Variable Frequency Resonant Controller Based on Generalized Predictive Control for Biased-Sinusoidal Reference Tracking and Multi-Layer Perceptron

Abstract

Resonant controllers are widely used in power electronics to track sinusoidal references. According to the internal model principle (IMP), these controllers should embed the poles of the Laplace or Z transform of the reference for the closed-loop system to track the reference asymptotically. Thus, tracking a sinusoidal reference is difficult as the controller should adapt its structure to embed the poles of the sinusoidal reference with variable frequency, as those poles depend on that variable frequency.
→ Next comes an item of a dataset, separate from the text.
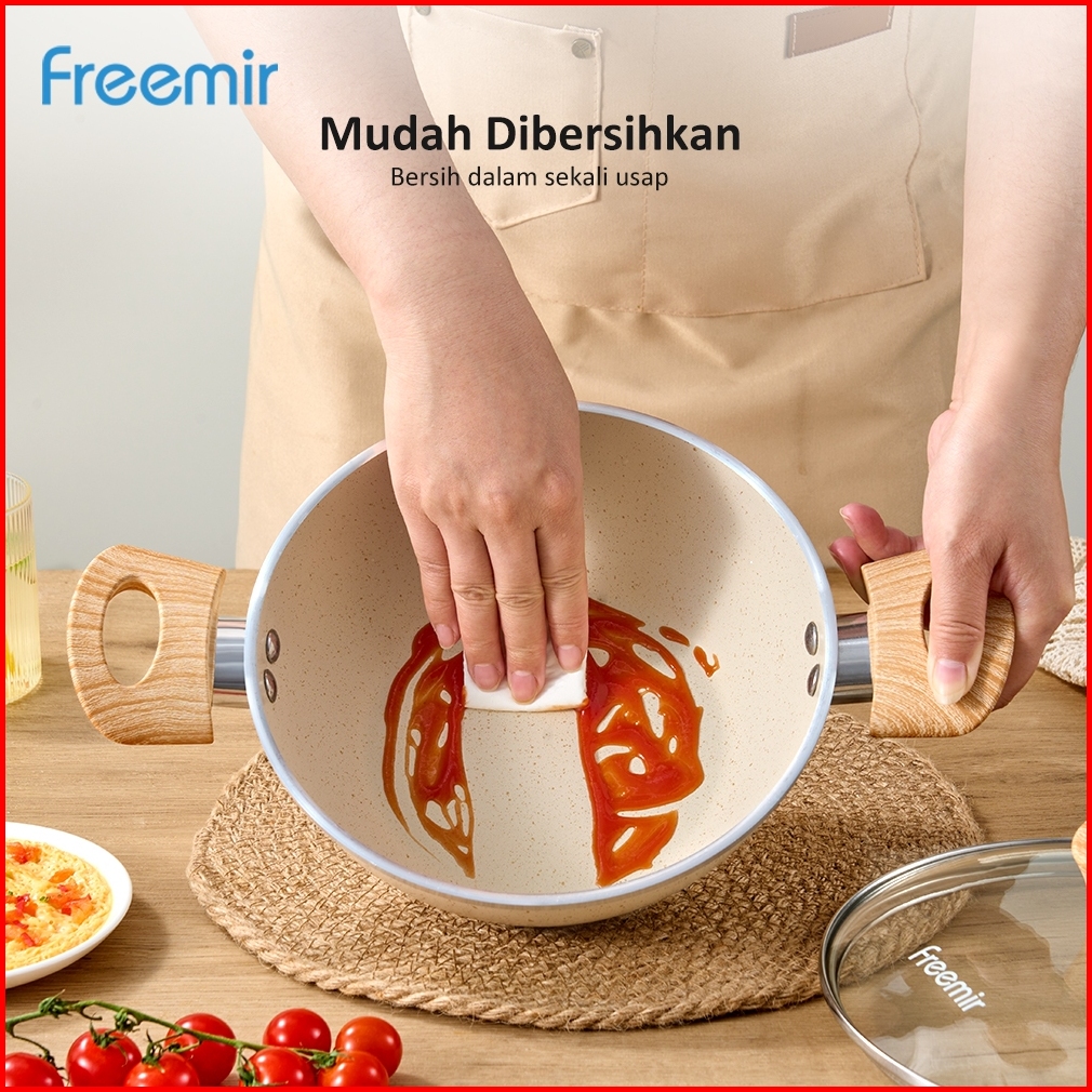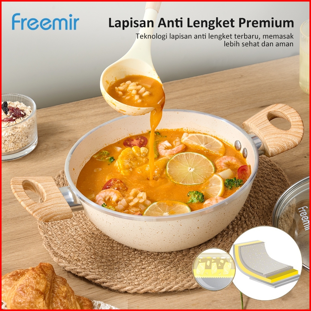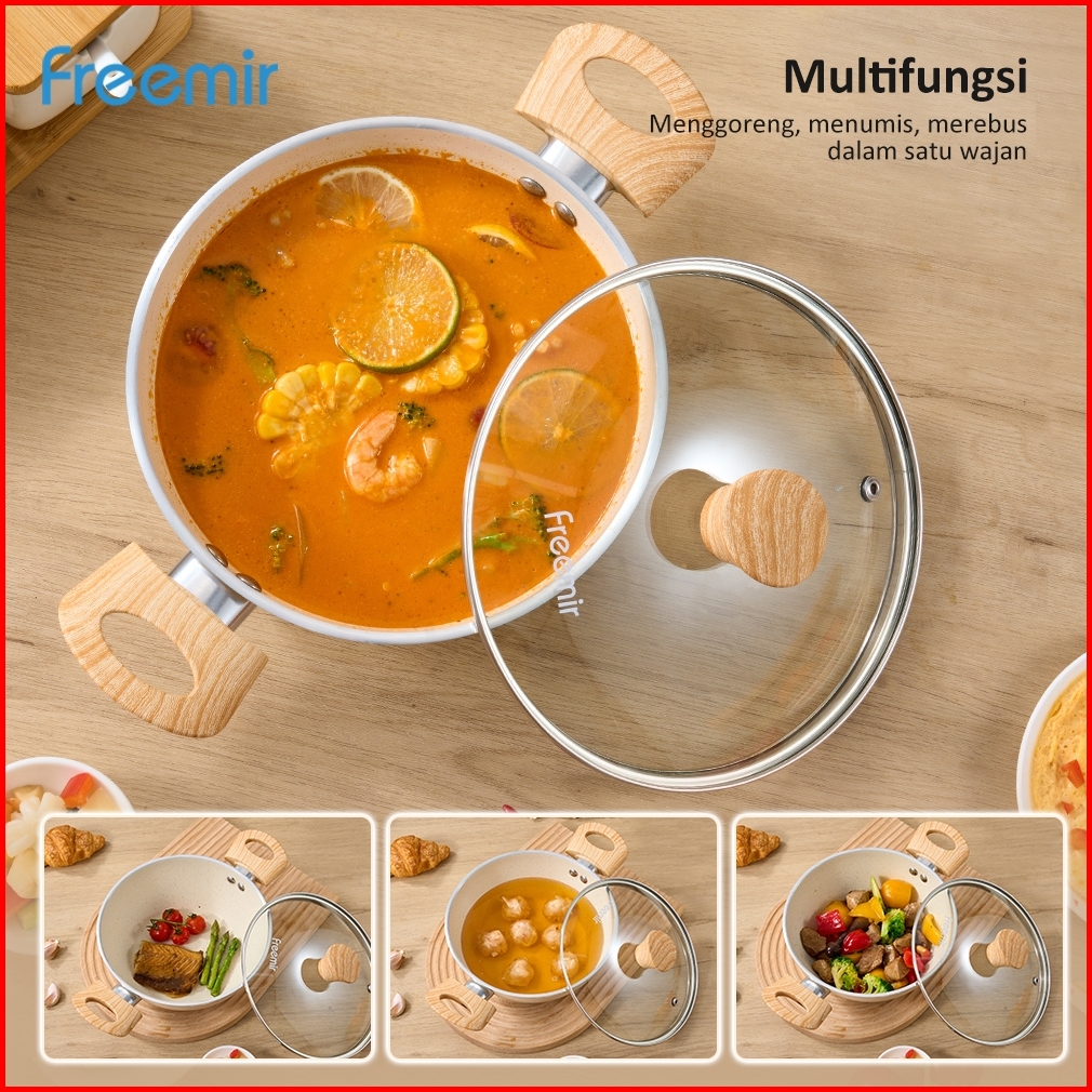 Freemir Wajan Kuping Anti Lengket 20cm Tinggi 7.5cm Dengan Tutup Kaca Serbaguna Single Bottom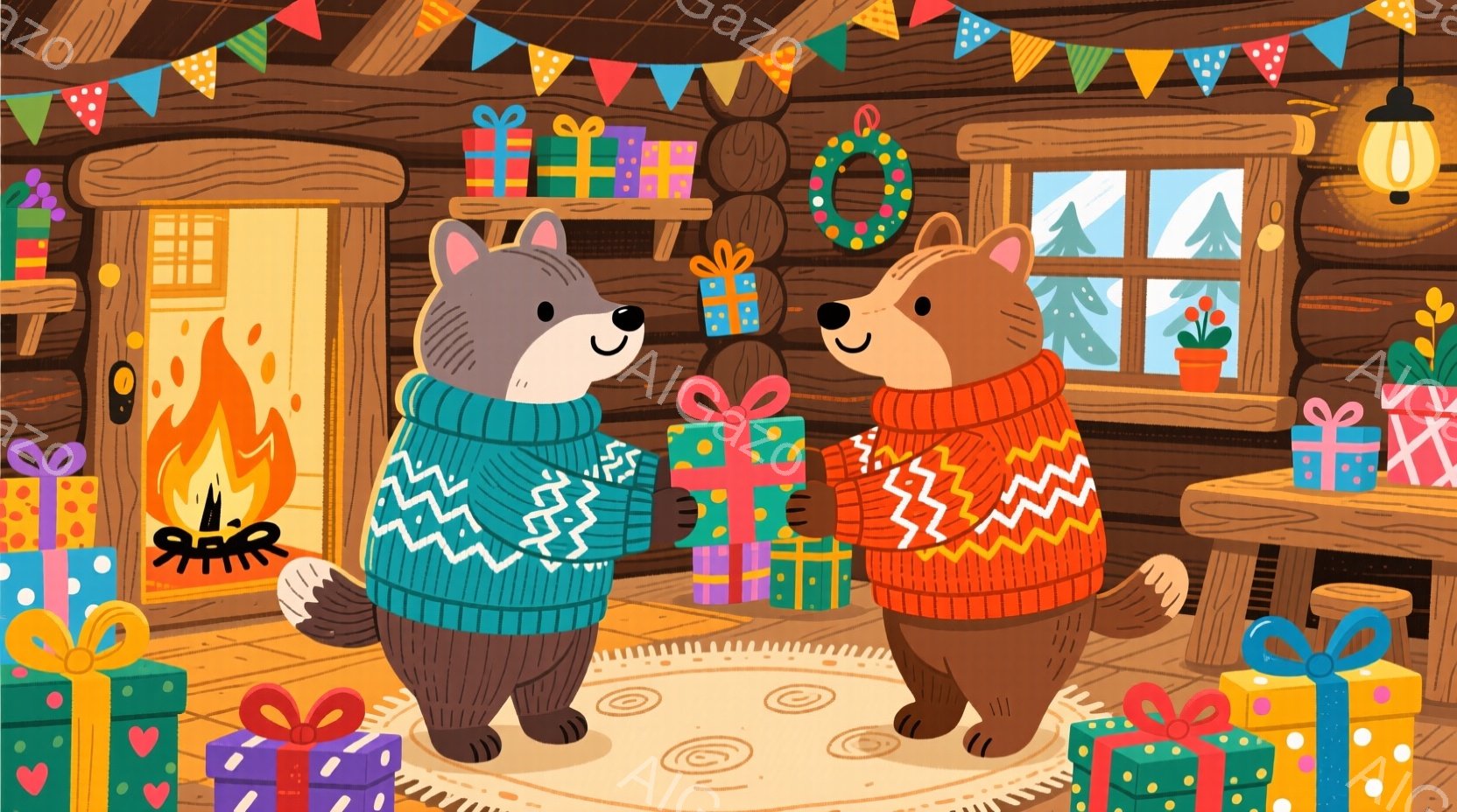 暖かい室内で、2匹のクマがプレゼントを抱えています。片方のクマは青いセーターを着ており、もう片方は赤いセーターを着ています。背景には、プレゼントがたくさん並び、窓から雪景色が見え、クリスマスの飾り付けが施された、お祝いムードにあふれた空間です。

On the other hand, Generalized Predictive Control (GPC) is widespread in industry applications due to its fast response, robustness and capability to include constraints. Resonant controllers based on GPC, which satisfy IMP, have been developed. However, these controllers consider the sinusoidal frequency to be constant. This paper presents a new GPC-based resonant controller with an adaptive and simple control law to track references with variable frequencies. A PLL estimates the frequency of the reference. A multi-layer perceptron uses the estimated frequency to define the gain matrix required to calculate the GPC control action. The GPC control action and the estimated frequency define the control law, which satisfies IMP in steady-state conditions. The authors did not find in the literature the proposed mathematical development of an adaptive GPC resonant controller with a discrete-time augmented model whose control law satisfies IMP. Thus, the proposed approach is helpful to develop other adaptive predictive controllers. Experimental results show that the proposed controller can track sinusoidal references whose frequencies vary in time.